## What you have to do
When you reach the line with "This document discusses" in the records below, begin transcribing exactly and continue up to and including the line with "蒲公英路由器的一大特色功能就", leaving out every picture.

## Records for this exercise
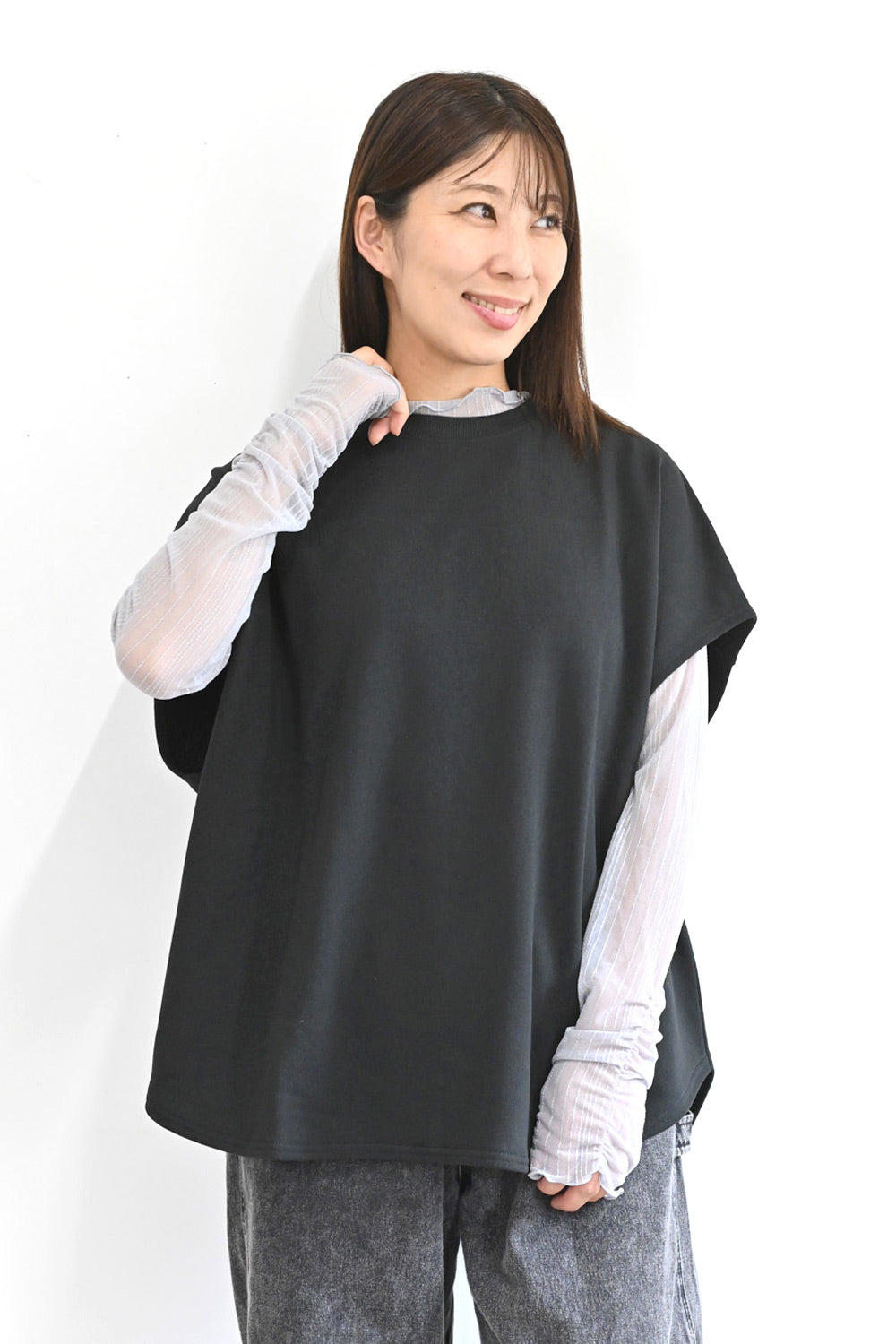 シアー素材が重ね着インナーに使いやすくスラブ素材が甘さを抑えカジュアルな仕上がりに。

--

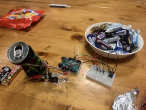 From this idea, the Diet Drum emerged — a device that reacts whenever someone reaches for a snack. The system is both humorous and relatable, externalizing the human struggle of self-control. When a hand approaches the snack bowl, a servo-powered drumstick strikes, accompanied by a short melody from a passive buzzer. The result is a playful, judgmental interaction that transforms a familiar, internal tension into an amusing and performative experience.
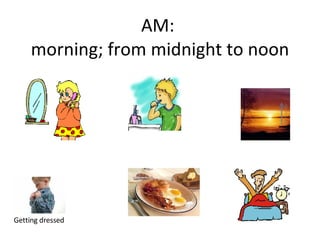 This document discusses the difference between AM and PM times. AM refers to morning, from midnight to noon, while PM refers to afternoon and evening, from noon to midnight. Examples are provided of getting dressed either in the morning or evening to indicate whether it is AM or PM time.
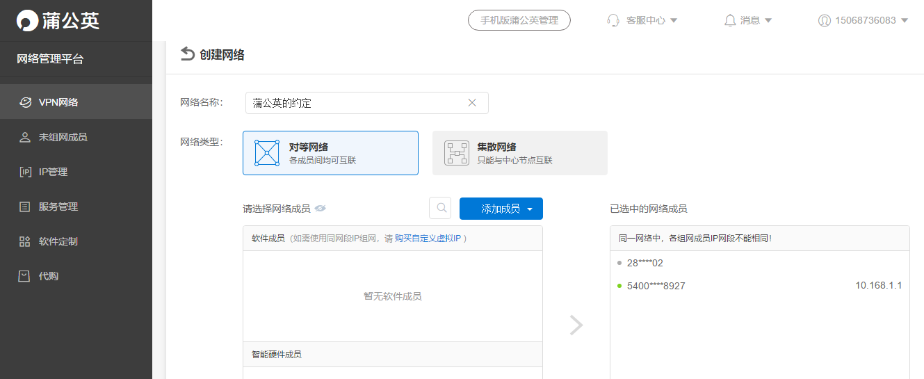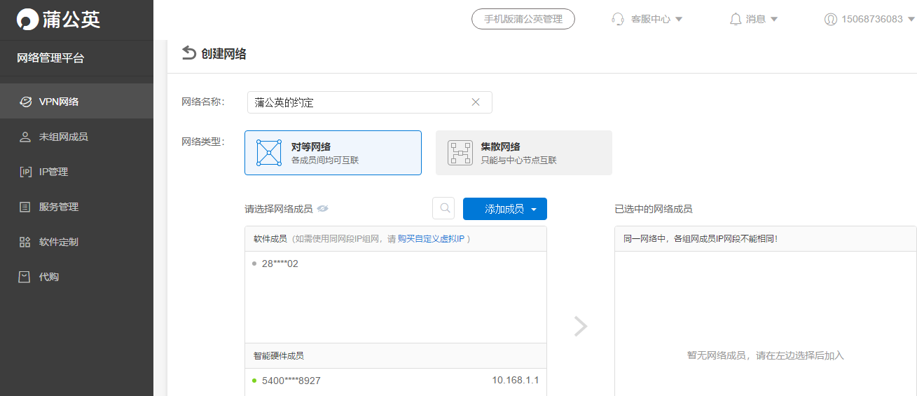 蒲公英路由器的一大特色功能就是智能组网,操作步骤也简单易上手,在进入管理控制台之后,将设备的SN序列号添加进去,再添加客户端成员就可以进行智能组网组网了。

## Response
 This document discusses the difference between AM and PM times. AM refers to morning, from midnight to noon, while PM refers to afternoon and evening, from noon to midnight. Examples are provided of getting dressed either in the morning or evening to indicate whether it is AM or PM time.
 蒲公英路由器的一大特色功能就是智能组网,操作步骤也简单易上手,在进入管理控制台之后,将设备的SN序列号添加进去,再添加客户端成员就可以进行智能组网组网了。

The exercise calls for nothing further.